### Exercise input
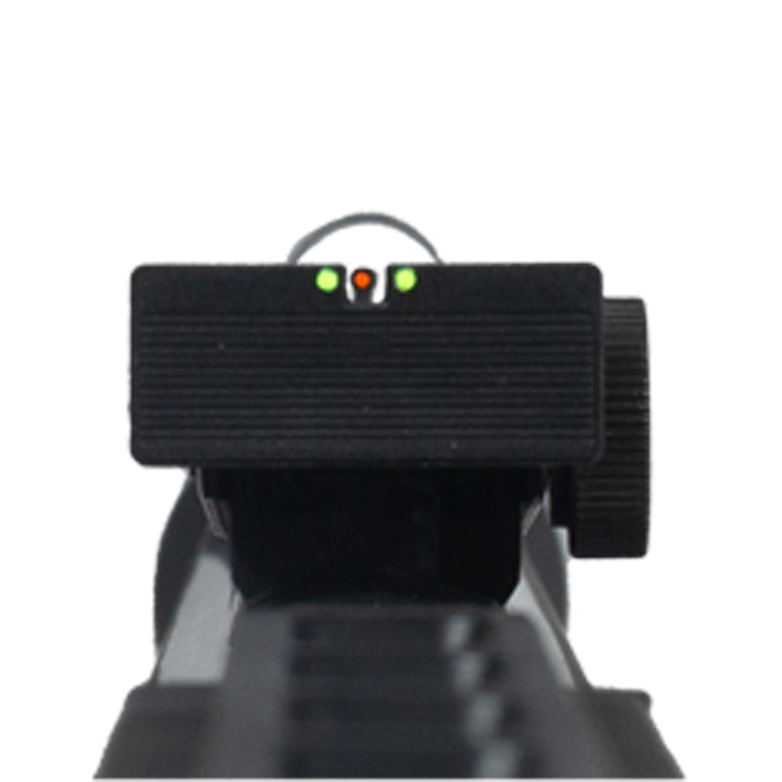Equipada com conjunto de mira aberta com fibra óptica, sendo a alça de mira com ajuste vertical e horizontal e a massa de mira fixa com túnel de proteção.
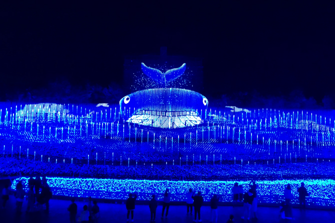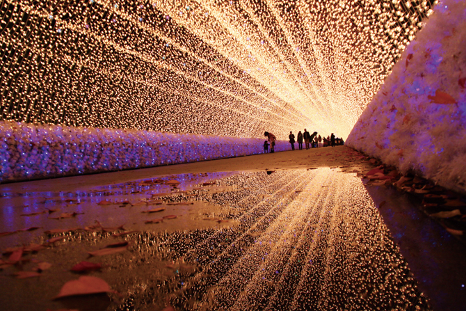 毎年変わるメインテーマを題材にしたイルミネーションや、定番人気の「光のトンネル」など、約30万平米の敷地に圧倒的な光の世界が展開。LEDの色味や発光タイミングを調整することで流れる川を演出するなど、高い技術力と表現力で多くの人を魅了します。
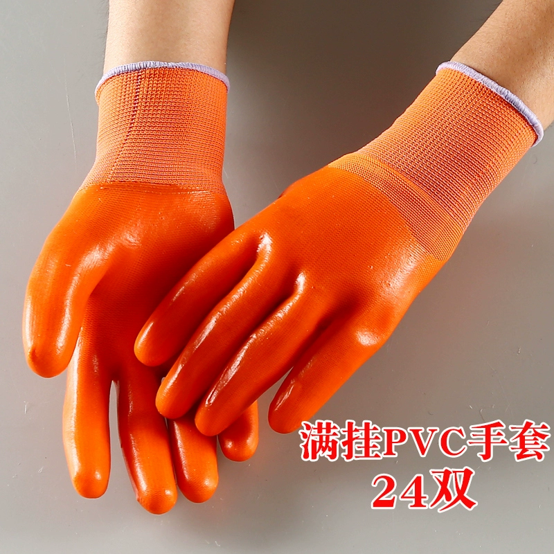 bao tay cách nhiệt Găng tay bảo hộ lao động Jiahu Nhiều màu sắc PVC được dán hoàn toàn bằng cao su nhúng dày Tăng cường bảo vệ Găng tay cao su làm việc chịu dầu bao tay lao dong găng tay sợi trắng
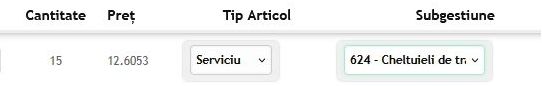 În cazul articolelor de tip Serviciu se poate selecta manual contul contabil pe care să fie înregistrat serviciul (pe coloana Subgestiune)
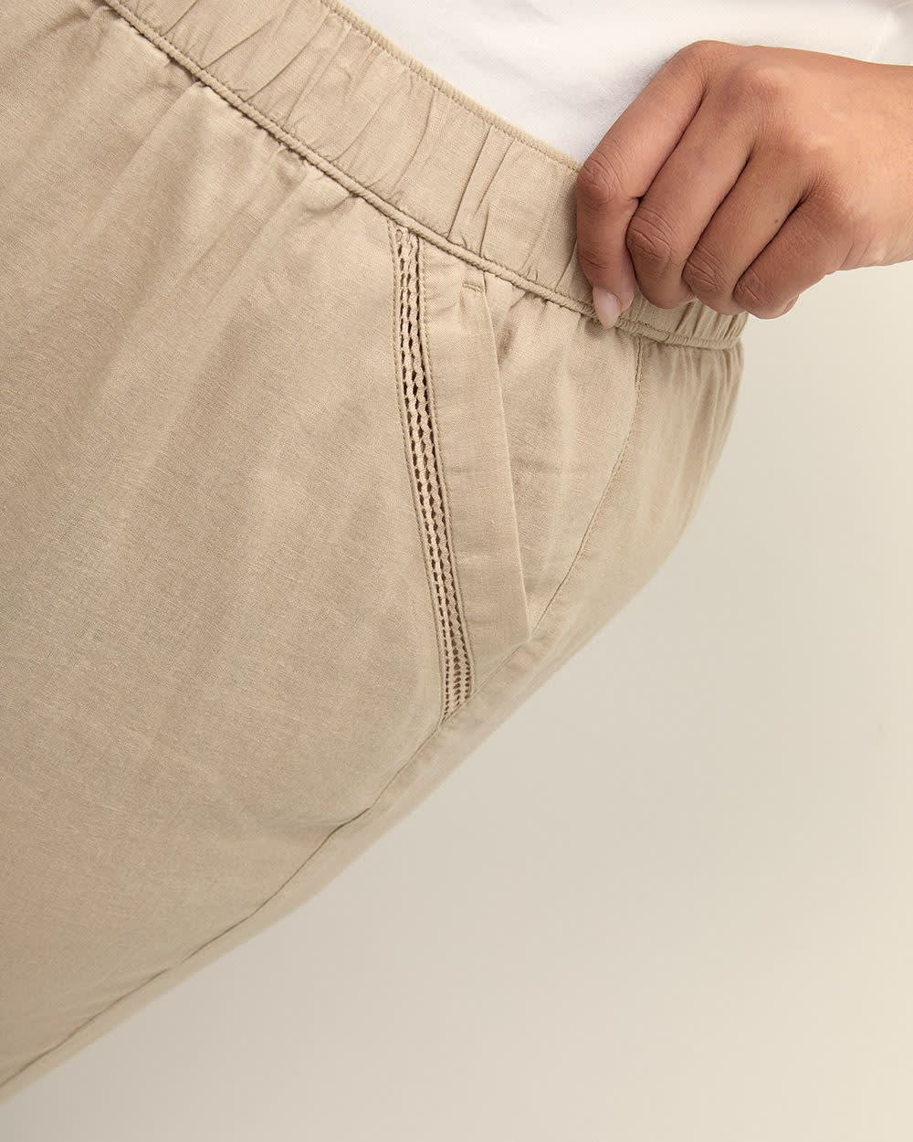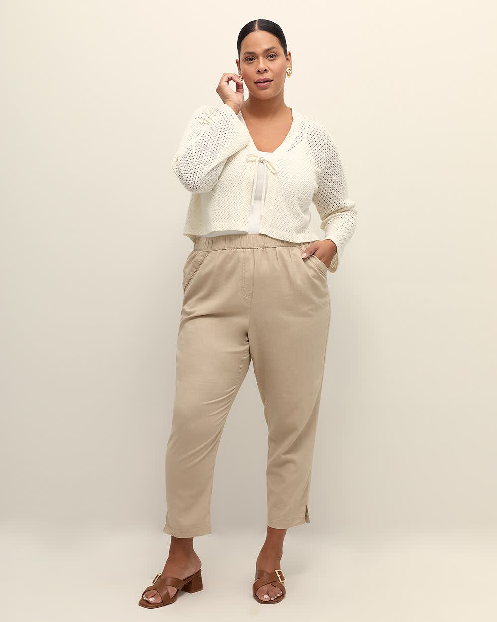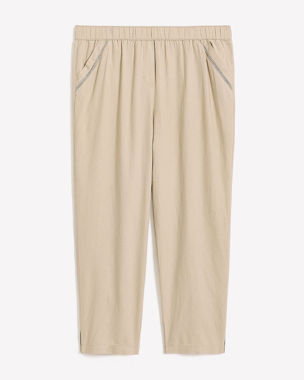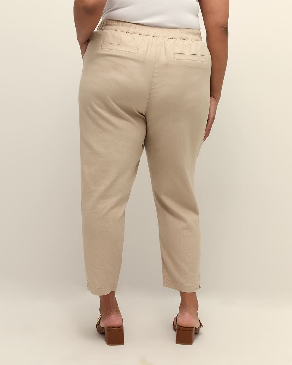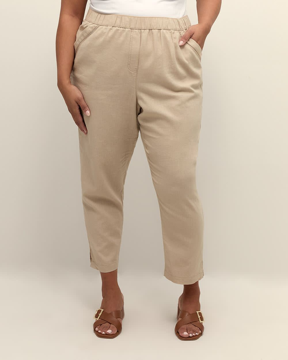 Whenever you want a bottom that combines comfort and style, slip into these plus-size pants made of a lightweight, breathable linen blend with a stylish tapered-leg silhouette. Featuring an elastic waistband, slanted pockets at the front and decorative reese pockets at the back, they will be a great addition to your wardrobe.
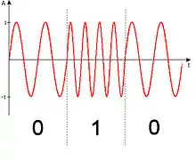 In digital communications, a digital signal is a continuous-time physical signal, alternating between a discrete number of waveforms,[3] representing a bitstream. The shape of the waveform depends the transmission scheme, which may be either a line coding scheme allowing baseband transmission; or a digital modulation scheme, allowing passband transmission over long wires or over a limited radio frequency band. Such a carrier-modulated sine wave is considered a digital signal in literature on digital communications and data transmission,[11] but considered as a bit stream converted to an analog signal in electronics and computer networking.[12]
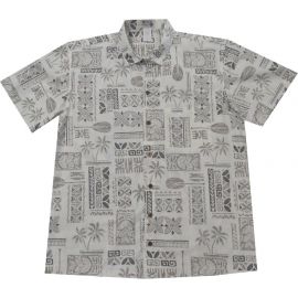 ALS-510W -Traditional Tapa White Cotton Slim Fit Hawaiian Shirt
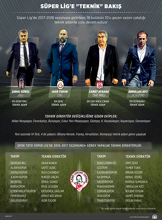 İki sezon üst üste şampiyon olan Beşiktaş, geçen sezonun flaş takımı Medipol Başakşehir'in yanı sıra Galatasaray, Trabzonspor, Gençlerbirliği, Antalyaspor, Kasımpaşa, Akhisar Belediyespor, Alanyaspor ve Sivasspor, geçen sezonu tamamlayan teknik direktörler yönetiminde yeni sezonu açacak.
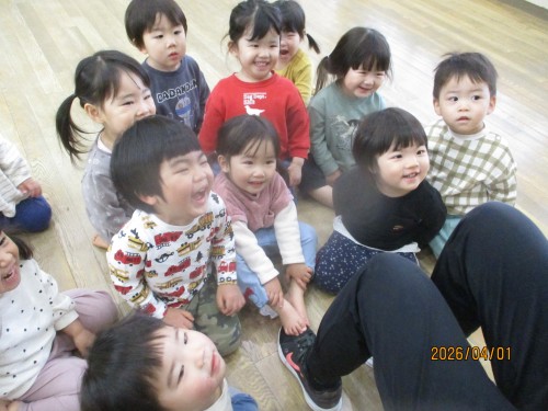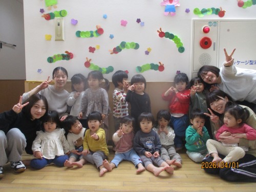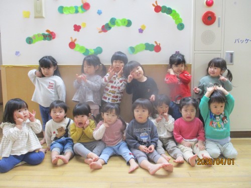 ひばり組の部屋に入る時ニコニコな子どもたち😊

### How to complete this task
Leave the pictures out and repeat exactly the lines from the beginning of the records to the line bearing "bao tay cách", both ends counted.

### Answer section
Equipada com conjunto de mira aberta com fibra óptica, sendo a alça de mira com ajuste vertical e horizontal e a massa de mira fixa com túnel de proteção.
 毎年変わるメインテーマを題材にしたイルミネーションや、定番人気の「光のトンネル」など、約30万平米の敷地に圧倒的な光の世界が展開。LEDの色味や発光タイミングを調整することで流れる川を演出するなど、高い技術力と表現力で多くの人を魅了します。
 bao tay cách nhiệt Găng tay bảo hộ lao động Jiahu Nhiều màu sắc PVC được dán hoàn toàn bằng cao su nhúng dày Tăng cường bảo vệ Găng tay cao su làm việc chịu dầu bao tay lao dong găng tay sợi trắng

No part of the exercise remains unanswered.